The DKV Trio has been called “the best working band in Chicago jazz” (Chicago Reader, Jan 31, 1997), and is one of the premier free-improv units in the United States. Unlike many groups that use this approach, DKV improvises using “song structures” (many of their pieces sound like they are based on written material), and it focuses on intensive explorations of different kinds of rhythm (moving from “free time” to serious grooves). Hamid Drake (drums), Kent Kessler (bass), and Ken Vandermark (reeds) also incorporate influences from other cultures (African, Greek, Middle Eastern) and non-jazz styles (funk, late 20th Century composition, delta blues) into their music. Formed in the summer of 1994, this trio has developed a unique and amazing rapport through regular performances, playing with unbelievable focus as they intuitively create strong musical forms through their special use of melody, rhythm and sound. The band will sometimes incorporate the compositions of Don Cherry into their spontaneous music, using his pieces as another one of their sonic resources. Since its inception, the DKV Trio has also performed as a quartet with Fred Anderson, Peter Brotzmann, Georg Graewe, Mats Gustafsson, Joe Morris, and Peter van Bergen.

The Members of the DKV Trio:

Hamid Drake is one of the most in-demand contemporary jazz drummers in the world today. He has had long standing associations with Peter Brotzmann, Fred Anderson, George Grawe, Bill Laswell, and Pharaoh Sanders (among others) and has worked extensively with Don Cherry from 1978 until Cherry’s passing in 1995. Aside from his work with improvised music, Hamid has performed and recorded with a number of reggae ensembles, such as the I-Tals, the Heptones, and Africassa. Mr. Drake has performed in clubs, concert halls, and festivals all over the globe and his work has been recorded on dozens of classic recordings.

Kent Kessler is probably the most important bassist living in Chicago today, performing with a huge array of visiting musicians (Peter Brotzmann, Georg Graewe, Mats Gustafsson, Joe Morris, and Joe McPhee, to name a few) as well as regularly working with some of the most recognized ensembles playing in the city (Vandermark Five, NRG Ensemble, DKV Trio, Jeb Bishop Trio).
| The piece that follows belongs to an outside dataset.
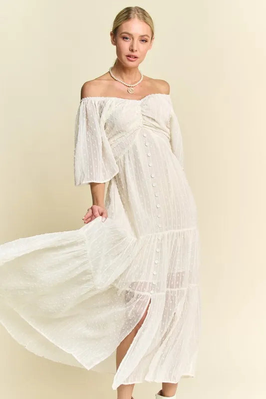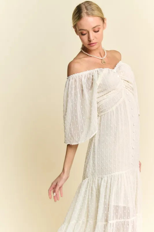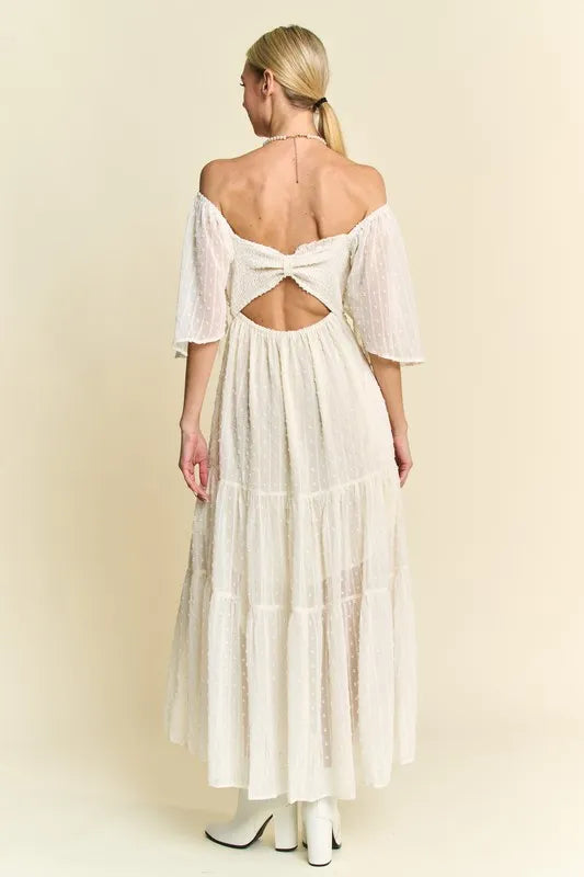 Davi & Dani Swiss Dotted Ruched Ruffle Open Back Midi Dress

Kent can be heard on the Vandermark Five recordings on Atavistic: NRG Ensemble on ECM, Quinnah, Delmark, and Atavistic: FJF’s CD, Blowhard, the Georg Graewe Quartet CD, Melodie Und Rhythms (with Hamid Drake and Frank Gratkowski), and A Meeting in Chicago (with Joe McPhee and Ken Vandermark) on Okka Disk. Mr. Kessler has performed at some of the most prestigious jazz festivals in the world, including the Tampere Jazz Happening, the Nickelsdorf Jazz Festival, the Ulricksburg Jazz Festival, and the Vancouver Jazz Festival.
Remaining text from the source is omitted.